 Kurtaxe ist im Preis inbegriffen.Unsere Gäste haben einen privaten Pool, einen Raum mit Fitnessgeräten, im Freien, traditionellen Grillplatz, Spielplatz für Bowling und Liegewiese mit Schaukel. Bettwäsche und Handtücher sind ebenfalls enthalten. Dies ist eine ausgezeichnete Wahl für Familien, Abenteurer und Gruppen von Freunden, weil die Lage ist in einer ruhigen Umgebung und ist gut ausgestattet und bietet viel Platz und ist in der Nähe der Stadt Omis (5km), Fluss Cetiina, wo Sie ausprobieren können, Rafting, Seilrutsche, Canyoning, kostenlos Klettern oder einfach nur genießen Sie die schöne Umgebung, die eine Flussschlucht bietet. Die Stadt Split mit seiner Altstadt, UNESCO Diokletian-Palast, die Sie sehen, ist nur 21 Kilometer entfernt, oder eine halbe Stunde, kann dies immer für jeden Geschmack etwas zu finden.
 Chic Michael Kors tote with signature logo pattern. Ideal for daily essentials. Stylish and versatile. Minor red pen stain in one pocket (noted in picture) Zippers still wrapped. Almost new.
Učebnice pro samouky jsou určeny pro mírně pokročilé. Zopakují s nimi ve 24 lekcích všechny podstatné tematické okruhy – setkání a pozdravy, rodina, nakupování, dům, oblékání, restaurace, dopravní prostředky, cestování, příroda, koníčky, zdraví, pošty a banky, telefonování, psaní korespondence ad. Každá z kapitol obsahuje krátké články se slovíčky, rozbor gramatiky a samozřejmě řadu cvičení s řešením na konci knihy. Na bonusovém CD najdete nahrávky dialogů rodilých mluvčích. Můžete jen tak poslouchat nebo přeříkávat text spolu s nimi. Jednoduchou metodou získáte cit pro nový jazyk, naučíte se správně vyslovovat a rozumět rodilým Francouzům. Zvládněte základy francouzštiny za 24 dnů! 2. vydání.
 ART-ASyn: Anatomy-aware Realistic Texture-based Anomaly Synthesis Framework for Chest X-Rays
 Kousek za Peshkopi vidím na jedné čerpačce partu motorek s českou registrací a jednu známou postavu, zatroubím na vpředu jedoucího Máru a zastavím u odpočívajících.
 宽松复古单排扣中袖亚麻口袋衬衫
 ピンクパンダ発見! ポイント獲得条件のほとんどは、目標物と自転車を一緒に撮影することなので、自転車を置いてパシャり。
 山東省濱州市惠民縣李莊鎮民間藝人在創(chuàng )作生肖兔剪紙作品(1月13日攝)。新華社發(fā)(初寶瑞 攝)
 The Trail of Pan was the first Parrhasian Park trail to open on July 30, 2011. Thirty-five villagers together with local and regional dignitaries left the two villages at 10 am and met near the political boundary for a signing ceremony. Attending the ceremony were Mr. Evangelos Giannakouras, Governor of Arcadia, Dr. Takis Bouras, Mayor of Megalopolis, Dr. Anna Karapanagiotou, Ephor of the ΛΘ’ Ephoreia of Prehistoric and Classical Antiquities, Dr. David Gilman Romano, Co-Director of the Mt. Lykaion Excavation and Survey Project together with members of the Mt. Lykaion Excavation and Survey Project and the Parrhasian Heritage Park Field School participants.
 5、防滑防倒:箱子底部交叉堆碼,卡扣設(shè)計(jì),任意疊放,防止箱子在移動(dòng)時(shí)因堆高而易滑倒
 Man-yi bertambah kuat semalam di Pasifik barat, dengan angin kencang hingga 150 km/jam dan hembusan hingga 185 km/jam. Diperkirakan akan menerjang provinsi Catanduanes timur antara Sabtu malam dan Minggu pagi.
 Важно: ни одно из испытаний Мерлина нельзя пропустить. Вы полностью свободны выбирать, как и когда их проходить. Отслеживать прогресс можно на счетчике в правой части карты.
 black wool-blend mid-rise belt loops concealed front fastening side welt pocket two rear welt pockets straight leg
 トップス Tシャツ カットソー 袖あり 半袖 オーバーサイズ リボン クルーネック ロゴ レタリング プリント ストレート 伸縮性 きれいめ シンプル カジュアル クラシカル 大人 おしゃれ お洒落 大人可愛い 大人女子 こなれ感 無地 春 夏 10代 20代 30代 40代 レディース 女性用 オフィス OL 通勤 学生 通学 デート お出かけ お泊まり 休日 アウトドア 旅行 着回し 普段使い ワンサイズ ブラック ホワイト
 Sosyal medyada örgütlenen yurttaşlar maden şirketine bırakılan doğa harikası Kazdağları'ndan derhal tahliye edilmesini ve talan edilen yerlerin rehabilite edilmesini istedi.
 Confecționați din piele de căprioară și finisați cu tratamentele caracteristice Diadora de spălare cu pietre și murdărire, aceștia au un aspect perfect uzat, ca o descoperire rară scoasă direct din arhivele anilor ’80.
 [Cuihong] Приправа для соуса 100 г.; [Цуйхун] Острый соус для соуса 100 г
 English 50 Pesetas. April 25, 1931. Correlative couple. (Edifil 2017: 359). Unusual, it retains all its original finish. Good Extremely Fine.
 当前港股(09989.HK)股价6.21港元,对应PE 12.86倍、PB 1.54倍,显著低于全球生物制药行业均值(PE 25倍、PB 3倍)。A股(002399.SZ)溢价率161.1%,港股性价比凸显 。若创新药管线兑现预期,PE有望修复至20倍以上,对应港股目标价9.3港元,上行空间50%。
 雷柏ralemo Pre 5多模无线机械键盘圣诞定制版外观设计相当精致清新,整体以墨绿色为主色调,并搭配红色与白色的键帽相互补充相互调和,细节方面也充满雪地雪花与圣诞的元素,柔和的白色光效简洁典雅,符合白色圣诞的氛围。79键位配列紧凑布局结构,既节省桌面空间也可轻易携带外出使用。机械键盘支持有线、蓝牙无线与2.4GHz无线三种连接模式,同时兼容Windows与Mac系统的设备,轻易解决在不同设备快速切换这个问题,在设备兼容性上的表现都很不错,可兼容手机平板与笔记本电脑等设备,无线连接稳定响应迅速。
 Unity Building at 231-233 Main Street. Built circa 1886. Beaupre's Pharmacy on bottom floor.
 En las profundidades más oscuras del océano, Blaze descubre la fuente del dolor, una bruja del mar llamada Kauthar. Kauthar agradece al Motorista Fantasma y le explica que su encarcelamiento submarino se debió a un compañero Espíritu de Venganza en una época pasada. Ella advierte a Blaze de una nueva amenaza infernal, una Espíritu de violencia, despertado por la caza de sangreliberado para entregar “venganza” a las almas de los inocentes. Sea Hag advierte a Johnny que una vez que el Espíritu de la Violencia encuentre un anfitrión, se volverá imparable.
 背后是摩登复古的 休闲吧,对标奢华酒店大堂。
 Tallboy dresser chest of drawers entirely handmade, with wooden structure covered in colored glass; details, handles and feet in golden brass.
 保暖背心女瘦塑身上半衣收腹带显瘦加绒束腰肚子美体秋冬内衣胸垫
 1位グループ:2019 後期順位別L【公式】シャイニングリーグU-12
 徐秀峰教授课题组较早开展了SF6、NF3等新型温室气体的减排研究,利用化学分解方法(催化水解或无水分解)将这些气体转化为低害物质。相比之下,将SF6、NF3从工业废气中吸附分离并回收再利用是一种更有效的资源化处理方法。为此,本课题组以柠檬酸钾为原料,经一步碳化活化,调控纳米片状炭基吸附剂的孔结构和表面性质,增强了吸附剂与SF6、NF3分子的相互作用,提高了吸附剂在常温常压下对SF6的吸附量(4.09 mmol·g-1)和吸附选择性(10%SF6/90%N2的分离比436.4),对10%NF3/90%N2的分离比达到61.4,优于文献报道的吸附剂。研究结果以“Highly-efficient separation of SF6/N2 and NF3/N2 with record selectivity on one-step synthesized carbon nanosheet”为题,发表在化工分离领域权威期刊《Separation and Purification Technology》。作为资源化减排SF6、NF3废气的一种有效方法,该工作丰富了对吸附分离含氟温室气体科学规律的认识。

# # # #

## Work to be completed
Copy exactly, please, the span of lines that begins at the line with "Tallboy dresser chest" and ends at the last line of the data, both included.

## Response area
 Tallboy dresser chest of drawers entirely handmade, with wooden structure covered in colored glass; details, handles and feet in golden brass.
 保暖背心女瘦塑身上半衣收腹带显瘦加绒束腰肚子美体秋冬内衣胸垫
 1位グループ:2019 後期順位別L【公式】シャイニングリーグU-12
 徐秀峰教授课题组较早开展了SF6、NF3等新型温室气体的减排研究,利用化学分解方法(催化水解或无水分解)将这些气体转化为低害物质。相比之下,将SF6、NF3从工业废气中吸附分离并回收再利用是一种更有效的资源化处理方法。为此,本课题组以柠檬酸钾为原料,经一步碳化活化,调控纳米片状炭基吸附剂的孔结构和表面性质,增强了吸附剂与SF6、NF3分子的相互作用,提高了吸附剂在常温常压下对SF6的吸附量(4.09 mmol·g-1)和吸附选择性(10%SF6/90%N2的分离比436.4),对10%NF3/90%N2的分离比达到61.4,优于文献报道的吸附剂。研究结果以“Highly-efficient separation of SF6/N2 and NF3/N2 with record selectivity on one-step synthesized carbon nanosheet”为题,发表在化工分离领域权威期刊《Separation and Purification Technology》。作为资源化减排SF6、NF3废气的一种有效方法,该工作丰富了对吸附分离含氟温室气体科学规律的认识。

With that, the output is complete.